Jun
3

The Soldier - A Perplexed Taurus, Resistance To Change + Virgo and Iconoclastic Men Redux

Astrology in Real Life…

lipstick“Well P, I met you not long after I got here (from another country) and I had no idea what was going on. I had to learn everything from you. Everything about everything, I learned from you! Did you know that? I have always been the learner and you the teacher.”

“No, I didn’t know. You know way more than I do.”

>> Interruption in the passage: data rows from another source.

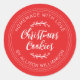 Um autocolante de produtos assados, russo e moderno, com o texto casado com amor, biscoitos de natal e o seu nome na caligrafia manuscrita e na tipografia moderna num fundo vermelho brilhante. Basta adicionar seu nome e o nome do produto à etiqueta. Desenvolvido exclusivamente para você pelo Happy Dolphin Studio. Se precisar de ajuda ou produtos correspondentes, entre em contato conosco em happydolphinstudio@outlook.com.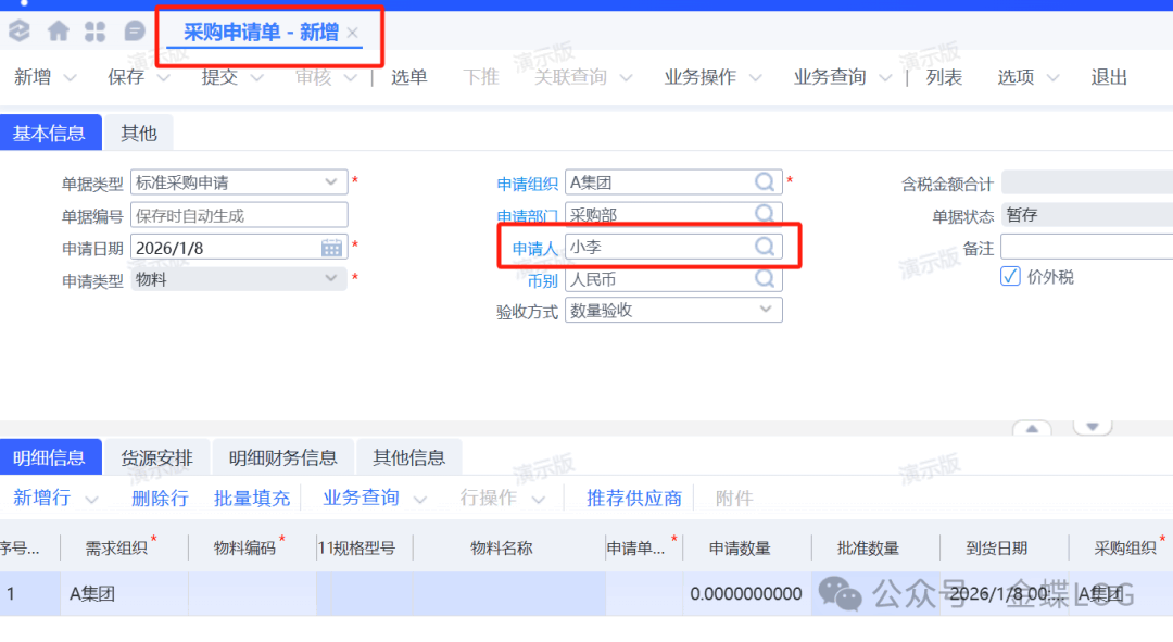 Q问题描述公司入职了新员工小李,是采购部的一名采购员;平时在下采购申请的时候申请人需要选到自己;系统应该要如何添加小李这名员工相关信息?学完本篇文章,您将学会:①如何新增员工信息。②如何新增岗位信息。③如何将员工和岗位信息绑定在一起。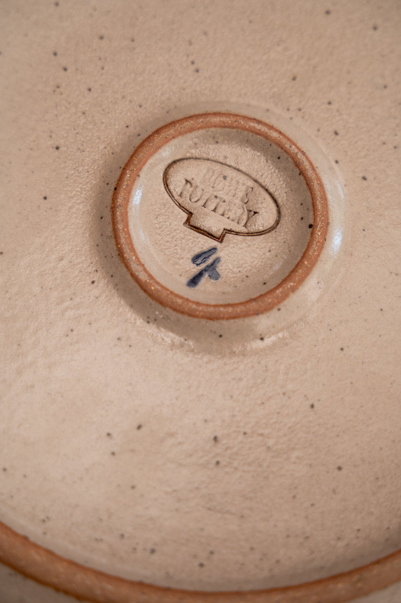 Enhance your table with this elegant handmade ceramic pie plate, or leave it behind as a thoughtful hostess gift. You'll find an artist's mark near the Rowe Pottery logo on each of the pieces that we offer at Modern Prairie. It adds an element of personalization that we think is so special.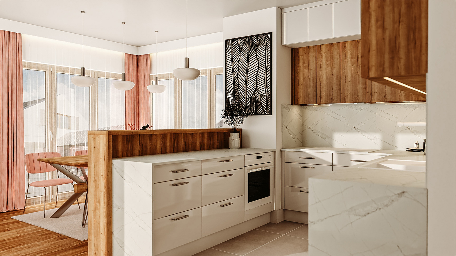 Kuchnia otwarta z półwyspem – połączenie z salonem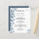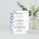Eine elegante und trendige Hochzeitskarte. Blauer botanischer Blumenkohl, Blätter und Sprigs in Aquarell. Personalisieren und fügen Sie Ihre Namen, Datum und das Hochzeitsmenü. Ein schick weißer Hintergrund. Schwarze Buchstaben. Das Wort Menu wird mit einem modernen Handschrift-Stil-Skript mit Swashes geschrieben. Zurück: blauer grauer Hintergrund.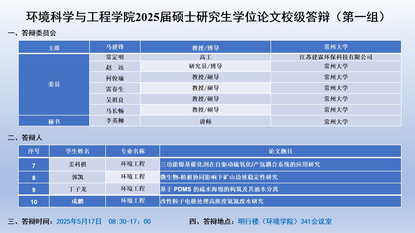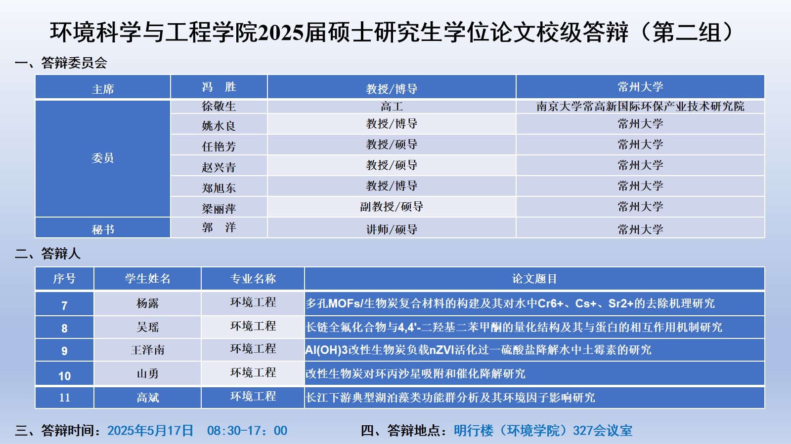 304am永利集团官网2025届硕士研究生学位论文校级答辩安排
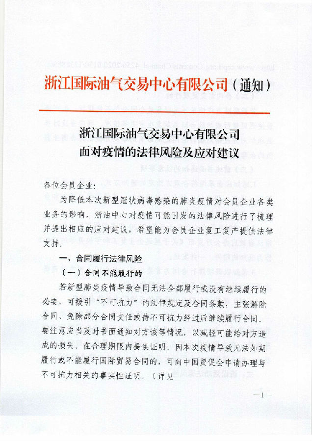 浙江國際油氣交易中心有限公司面對疫情的法律風(fēng)險及應(yīng)對建議

“Yeah, about some things that’s true. I know about physics. And I know how to fight a war and win. I know some things you don’t know but none of it counts when it comes to trying to live in this world. In this society which you understand. You understand people and how they think, hat they do and why where I have no clue.”

“I guess.”

“Well you do, and her I am after all these years, back for another lesson. I need your help, P. I just have no idea what the hell is going on. I went to war for 20 years and come back and nothing is the same. Nothing!” he said emphatically. “I can barely survive in this world the way it is now. It makes no sense to me and I really think I need to you translate all the changes.”

“Like what?”

“Like lipstick lesbians! I don’t know what that was until you told me! How the hell am I supposed to know what a lipstick lesbian is? Can you imagine? What if I were the type of man going out there looking around for women and I ran into one of them?” he asked very sincerely.

I laughed.

“What would I do? I wouldn’t know what to do. Lipstick lesbian? What’s that? I wouldn’t know what was going on if you’d not have explained that, told me what they were. How am I supposed to figure something like that out? I wouldn’t have a chance of ever figuring this out! A woman who likes women but dressed like she wants a man? What the hell? I am completely mystified about the existence of this.”

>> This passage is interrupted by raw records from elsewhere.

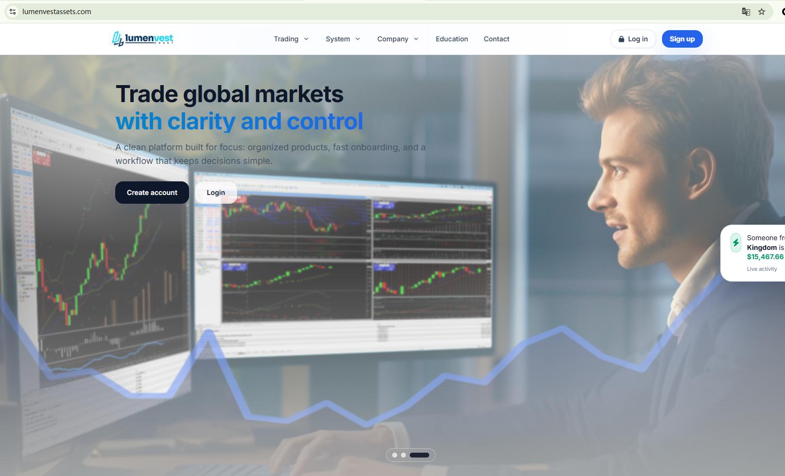 Lumenvest Assets’ website provides no regulatory disclosures, only claims that it was registered in the USA.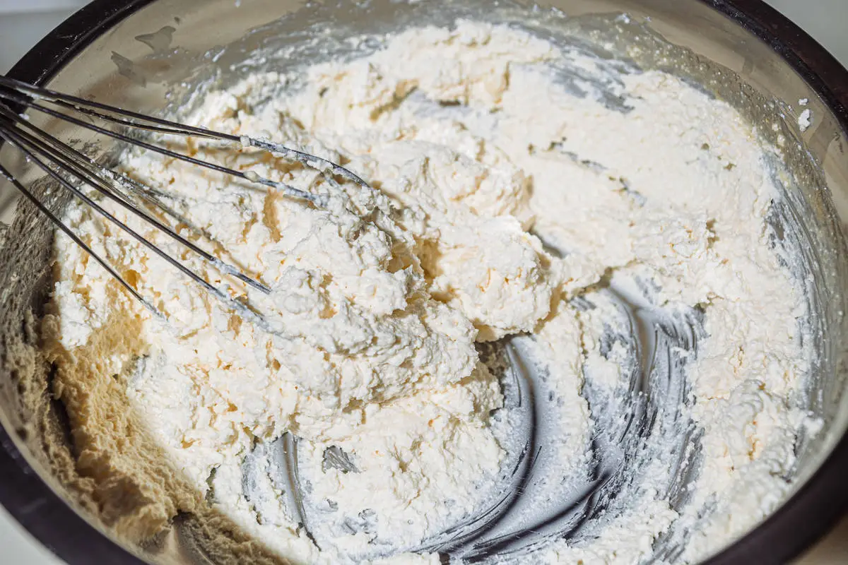 Добавьте творог и хорошо перемешайте.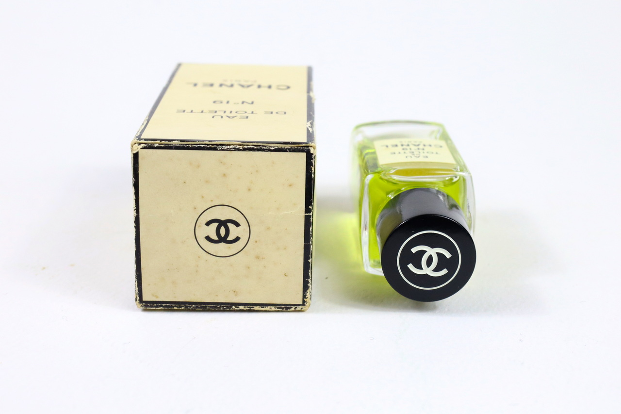 📝 รายละเอียด: CHANEL N°19 EDT ขวด 19ml ขวดแก้วเหลี่ยนรุ่นเก่า น้ำยังสีเขียวสวยปริมาณน้ำหอมเต็มขวด ตัวขวดสภาพดีสมบูรณ์ ฉลากชื่อน้ำหอมมีรอยเลอะนิดหน่อย ตัวกล่องสภาพดีพอใช้ กล่องยับพอสมควร มีรอยถลอกบ้างตามกาลเวลา พิจารณาจากภาพประกอบ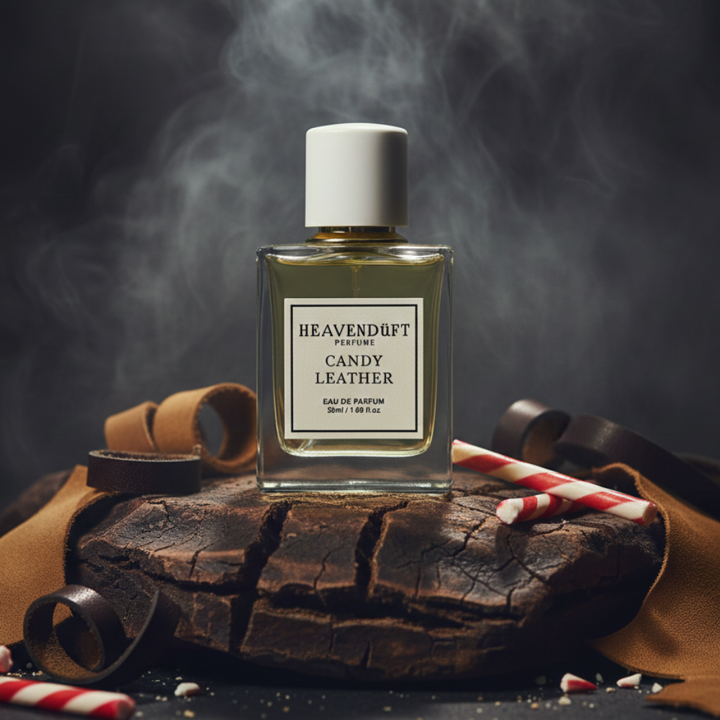 Indulge in the captivating allure of “Candy Leather,” a fragrance that seamlessly melds sweetness and sophistication.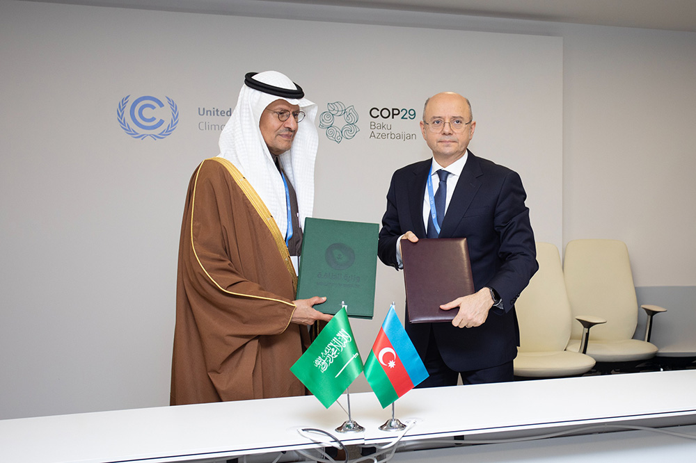 COP29 tədbiri çərçivəsində “Azərbaycan Respublikası, Qazaxıstan Respublikası və Özbəkistan Respublikası arasında yaşıl enerjinin inkişafı və ötürülməsi layihəsi”ndə Səudiyyə Ərəbistanı Krallığının iştirakını təmin edən və Azərbaycanla “yaşıl enerji” əməkdaşlığını genişləndirən bir neçə sənəd imzalanıb.

“Well I am sure they would find their way around you. They’d avoid you anyway. They’re not looking for you. And I guess it makes sense you don’t know about this. Not a lot of lipstick lesbians in Special Forces,” I said. “Not so many of them out living in the jungle so how are you supposed to know.”

chihuahua dog“Well hell no there are no lesbians with lipstick in my world. There are no women, period! And that’s not the only thing that’s changed. I come home after 20 years and what do I find? I find women have no hair! What happened to all the hair on women? Women take all the hair off their bodies these days. Why do they do it? I liked that hair! What’s wrong with having hair on your body? Tell me, P. Where did all the hairy women go? I want a woman with some hair on her! Can’t I find one of them anymore?”

“The hairy men are gone too. They get their backs waxed,” I said. “And their chests, too for that matter.”

“They do?” he was incredulous. “Oh my God, what is wrong with them?”

“Oh, I don’t know. Style I guess.”

“And how come no one eats anymore? Is that the new style too? Since when is beauty looking like you just got out Dachau? Why do women have to look like they’re starving? That’s not attractive! I don’t want a skinny hairless woman. That’s not a woman! That’s a Chihuahua.”

I snorted.

“P, I’m not kidding. The men are meterosexuals, the women are Chihuahuas and I don’t know what I’m going to do besides come to you for help in figuring this out. Same as when I was 19. I couldn’t make heads or tails of how the people acted when I got to this country. You helped me figure things out when I was 19 and I need to you do that for me again.”

“Okay yeah, I can and I will.”

Iconoclastic Men, Chiron, Virgo, and Astrologer, Barbara Hand Clow


2 Responses to “The Soldier - A Perplexed Taurus, Resistance To Change + Virgo and Iconoclastic Men Redux”

  1. dianagr says on 6/3/07 at 6:19 pm:

    Ah. What a great thing to say to someone the next time they tell me they don’t believe in astrology. It helps you to understand people and how they think, and how the world works.

    Perfect. ;)

  2. C. says on 6/4/07 at 10:09 am:

    Oh, what a hoot! Please tell your soldier that he’s not the only one who is perplexed. I know a lot of people that just don’t fit into the “new” society. What’s in the magazines is an illusion. It will go away. Just click your boot heels together three times and say “peak oil” and give it a few years. Real people will be back, and I’m looking forward to it!